Century Dictionary and Cyclopedia

  1. n. A genus of dicotyledonous plants of the order Ericaceæ, the heath family, type of tribe Pyroleæ, characterized by racemed flowers with five converging petals, ten stamens with peculiar four-celled inverted anthers opening by pores, and a capsule opening from the base upward, with cobwebby margins. The 16 species are natives of the northern hemisphere, including 8 in the United States. They are smooth perennial herbs, sending out subterranean runners, and bearing radical or alternate long-stalked evergreen leaves, commonly entire and rounded, and an erect scape of bracted nodding flowers, which are white, yellowish, rose-colored, or purple. Several species are known in England and among American writers as wintergreen or false winter-green. P. rotundifolia, the larger wintergreen, is the most conspicuous species, a plant of both hemispheres, with thickish veiny round leaves, and commonly pure-white flowers, the stalk 6 to 12 inches high. It has been called Indian lettuce and canker-lettuce. P. elliptica, a smaller American plant with thin elliptical leaves, is called shin-leaf, a name also extended to the genus.
  2. n. [lowercase] Any plant of the above genus.

WordNet 3.0

  1. n. any of several evergreen perennials of the genus Pyrola

Examples

  • “The flowers are thickish, something like the pyrola, and its manner of growth resembles the hyacinth, with bell-shaped flowers clustering along the upper part of the stem, and erect, pointed leaves.”
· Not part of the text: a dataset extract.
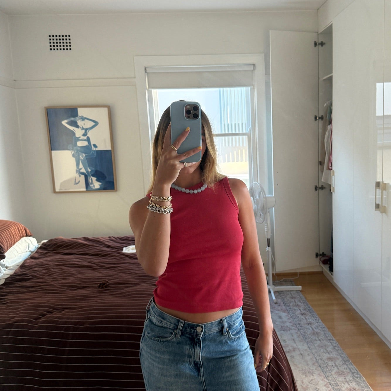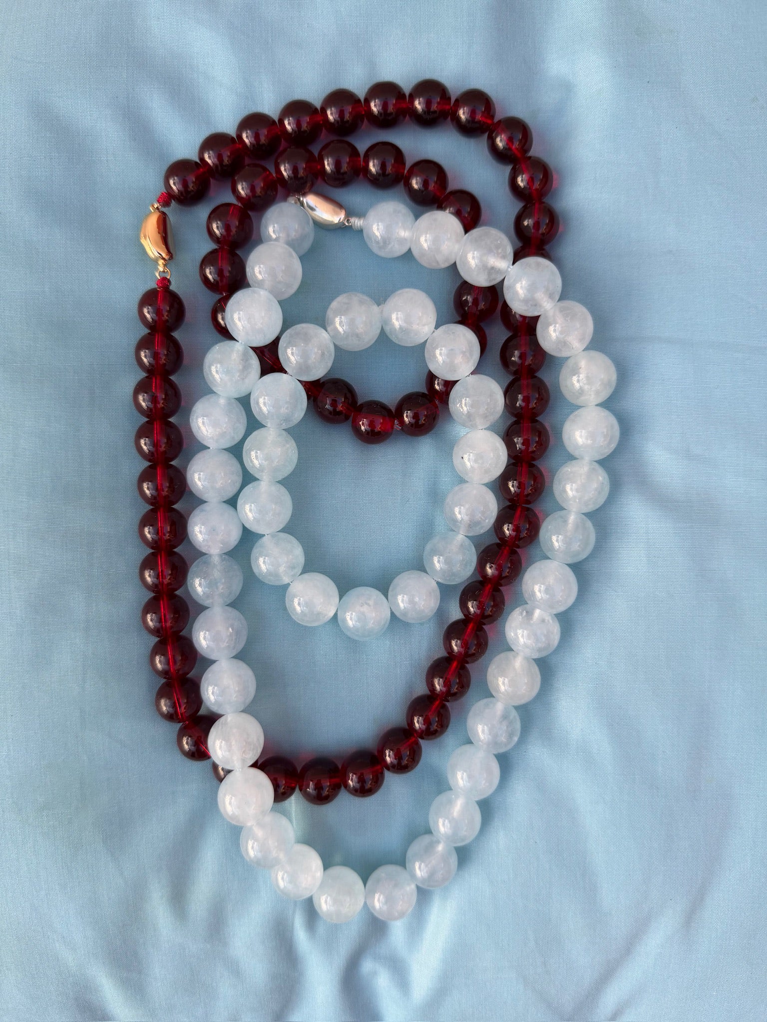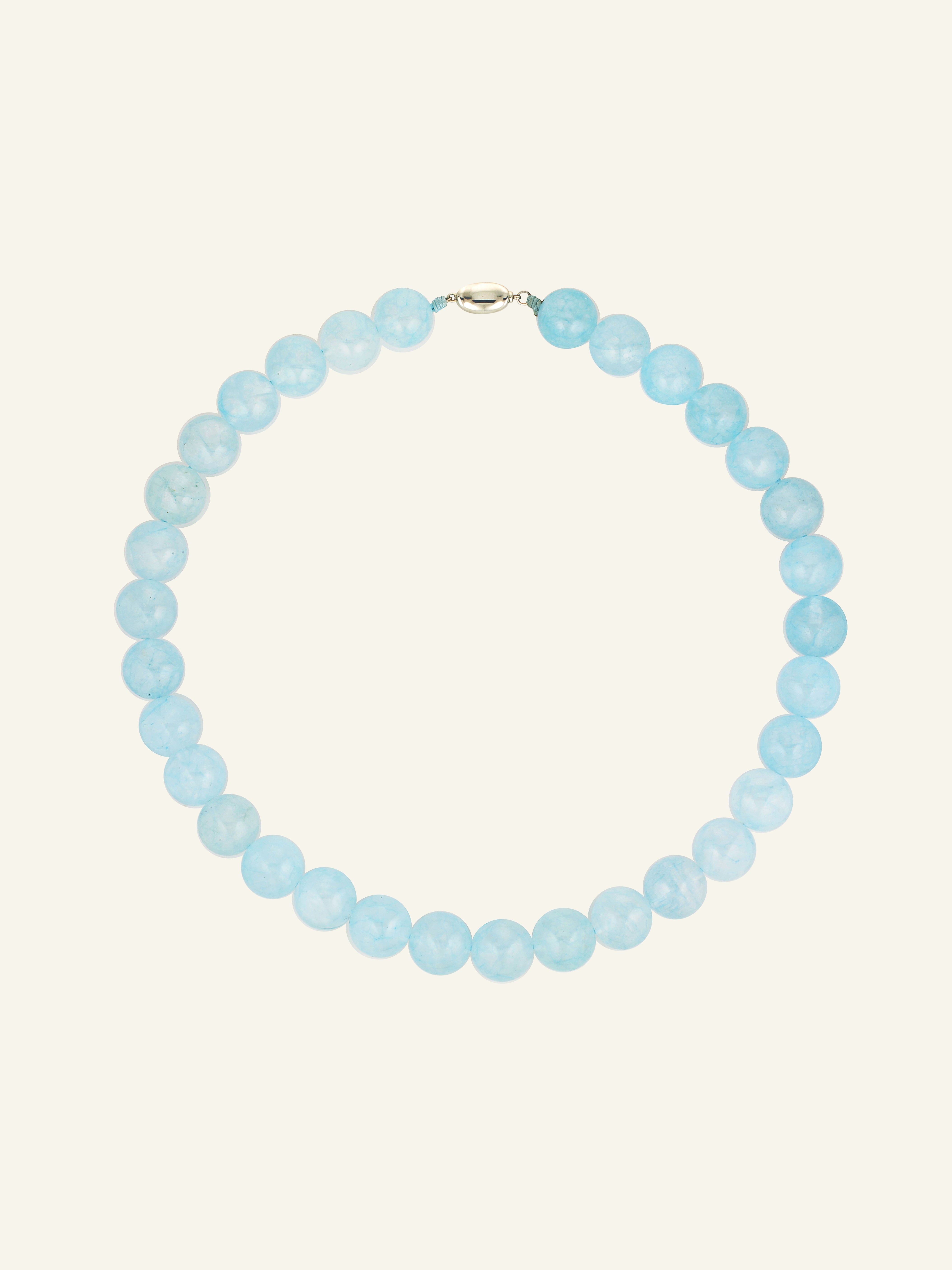 The Elu Aquamarine Necklace features 14mm aquamarine beads and a bean clasp.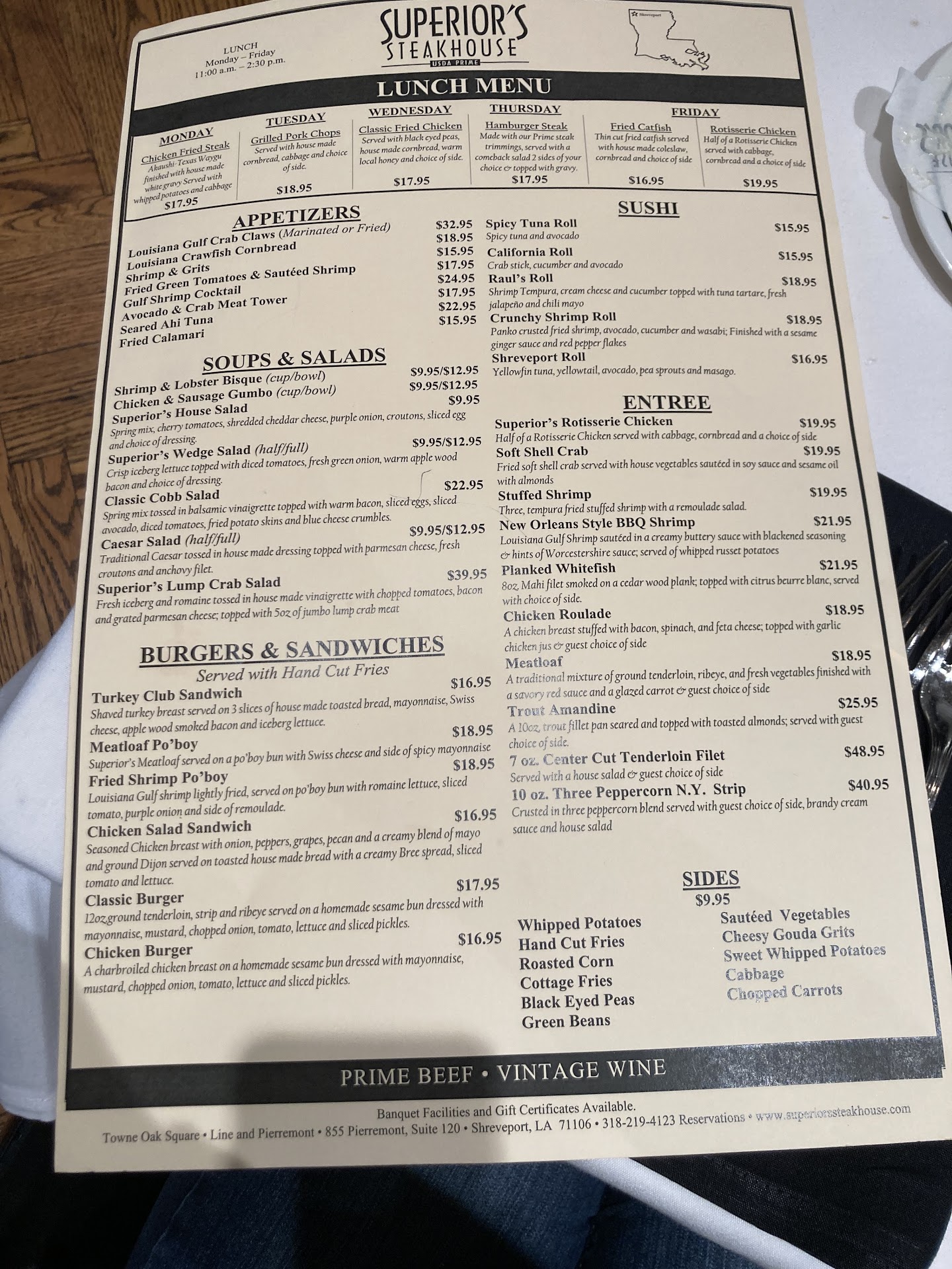 I think superior is more presentation than anything and it certainly lives up to that in spades. The food is good but certainly not top shelf. If you wanted a nice romantic evening you can't ask for much more. If you want great food and deserts go to Longhorn and pay...

    Harper's Young People, December 16, 1879 An Illustrated Weekly

  • “Among the most desolate sandhills you may find in July acres of wax-white pyrola – like lilies of the valley splashed with pink – covering the plains between the lonely ridges of harsh, grey grass.”

    The Spring of Joy: A Little Book of Healing

  • “In shady corners, deeper in the wood, the fragrant pyrola lifted its scape of clustering bells, like a lily of the valley wandered to the forest.”

    Little Rivers; a book of essays in profitable idleness

  • “Both the glossy pipsissima and the pretty spotted wintergreen, with its variegated leaves, are common here; so is the fragrant shin-leaf; and the one-flowered pyrola, rare in most parts of the country, is also found in our woods.”

    Rural Hours

  • “A plain brown carpet suits it best, with a modest figure of green -- preferably of evergreen -- woven into it; a tracery of partridge-berry vine, or, it may be, of club moss, with here and there a tuft of pipsissewa and pyrola.”

    The Foot-path Way

  • “On the opener spots beneath the trees the ground is covered to a depth of two or three feet with mosses of indescribable freshness and beauty, a few dwarf conifers often planted on their rich furred bosses, together with pyrola, coptis, and Solomon's-seal.”

    Travels in Alaska

  • “A few are standing at an elevation of nearly three thousand feet; at twenty-five hundred feet, pyrola, veratrum, vaccinium, fine grasses, sedges, willows, mountain-ash, buttercups, and acres of the most luxuriant cassiope are in bloom.”

    Travels in Alaska

  • “Here I found many of my old favorites the heathworts -- kalmia, pyrola, chiogenes, huckleberry, cranberry, etc.”

    Travels in Alaska

  • “The family of the heath, cranberry, pyrola, Andromeda, and mountain-laurel -- how do these blossoms welcome their insect friends?”

    My Studio Neighbors

  • “Pyrola secunda (one-sided pyrola), very common, Caucomgomoc.”